The value of information related to the nature and sources of contamination at CERCLA and similar sites has increased as a result of the Supreme Court's 2009 ruling in Burlington Northern. The Court held that a potentially responsible party (PRP) can avoid joint and several liability if it demonstrates a "reasonable basis" for determining its contribution to the site contamination. While the reasonable basis standard will continue to evolve, this ruling further opens the door for PRPs to present science-based evidence for establishing their share of contaminant inputs to terrestrial and sediment sites, and in doing so, to limit their liability.

Exponent scientists have been supporting clients in developing technically sound apportionment strategies and obtaining appropriate evidence for more than 20 years.
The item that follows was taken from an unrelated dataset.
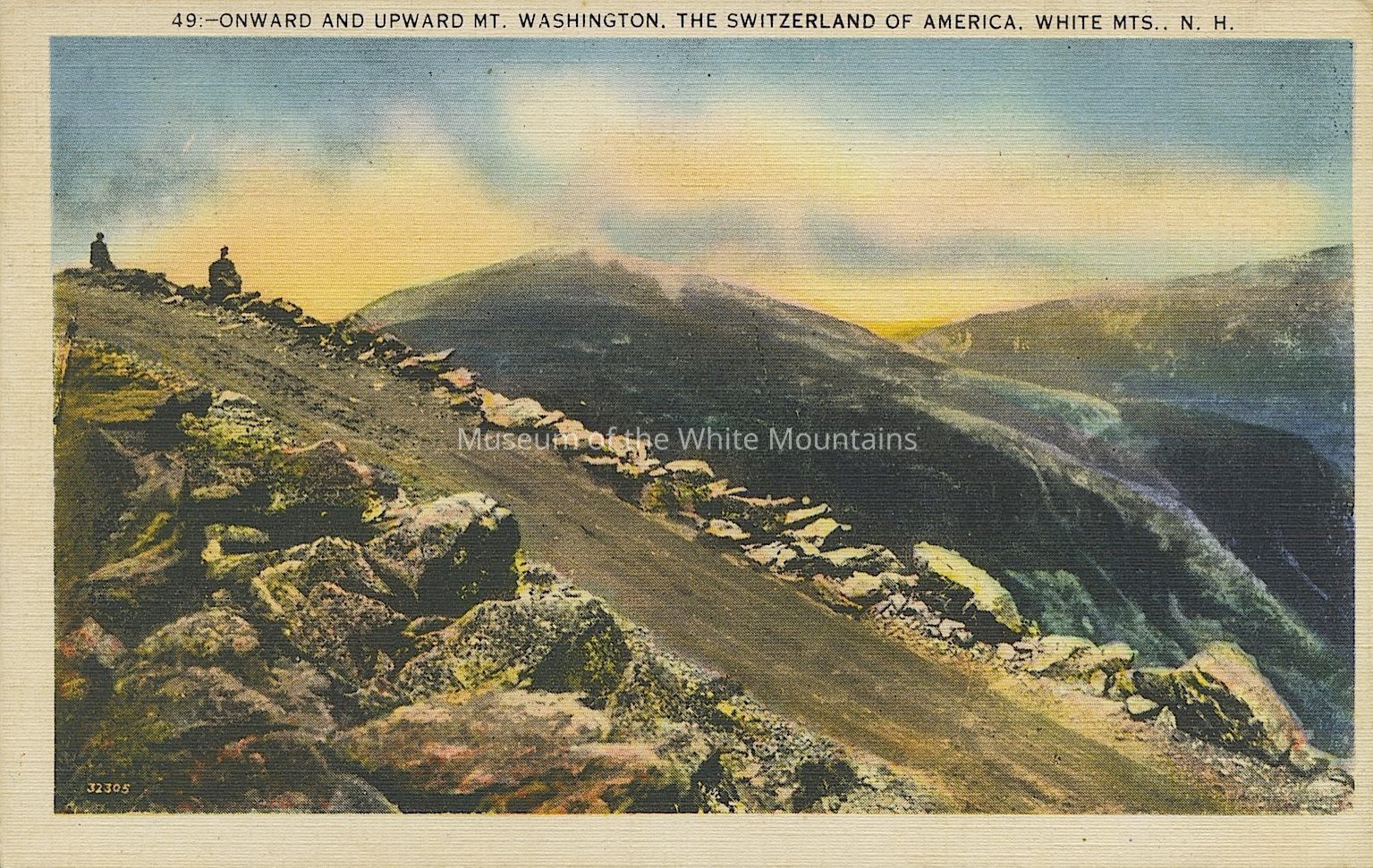 Colored image of a steep dirt road among a mountainous landscape. People are at the crest of the road. The landscape is rocky. Printed on front, “49- Onward and upward Mt. Washington, The Switzerland of America, White Mts. NH.”

This work has resulted in successful, quantitative apportionment of chemical inputs to CERCLA sites as determined by the courts.

One of our core "signature" areas of business and technical excellence is our practice of Environmental Forensics, in which a group of senior practitioners have developed, published, and applied scientific methods for developing technical bases for apportioning chemical contributions at sediment and terrestrial sites. The need for Environmental Forensic investigations frequently arises when there are successive owners of a contaminated property, multiple operations at a site and/or over time, commingled groundwater plumes, or baseline conditions that need to be factored into apportionment. Our Environmental Forensics project experience includes historical reconstruction of releases, geospatial analyses, fate-and-transport expertise coupled to a deep chemical expertise with chlorinated solvents, dioxins, metals, PAHs, PCBs, oil spills, pesticides, petroleum hydrocarbons, MTBE and other product additives, chlorinated phenols, and many other compounds.
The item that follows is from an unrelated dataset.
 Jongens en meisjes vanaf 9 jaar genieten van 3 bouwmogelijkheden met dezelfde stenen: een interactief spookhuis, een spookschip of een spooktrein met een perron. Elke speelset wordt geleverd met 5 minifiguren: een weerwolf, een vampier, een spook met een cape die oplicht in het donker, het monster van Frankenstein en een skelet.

Technical apportionment results are then used with other factors as part of Cost Allocation approaches to arrive at reasonable and fair results for all parties.

Working with our colleagues from Environmental Cost Consulting, Site Investigation & Remediation, Natural Resource Damages, and related practice areas, we provide an integrated approach to apportionment investigations. Such an assignment may combine historical documentation such as aerial photographs, maps, facility engineering, and other company records, with fact-witness accounts and recent environmental monitoring data. The tools we use are many, including chemical fingerprinting, probability cost analysis, transport modeling, and chemical contribution reconstruction. When existing data are insufficient, we can design and implement site assessment programs. We work with our clients to integrate such information into a reasonable, defensible basis for liability apportionment and cost allocation.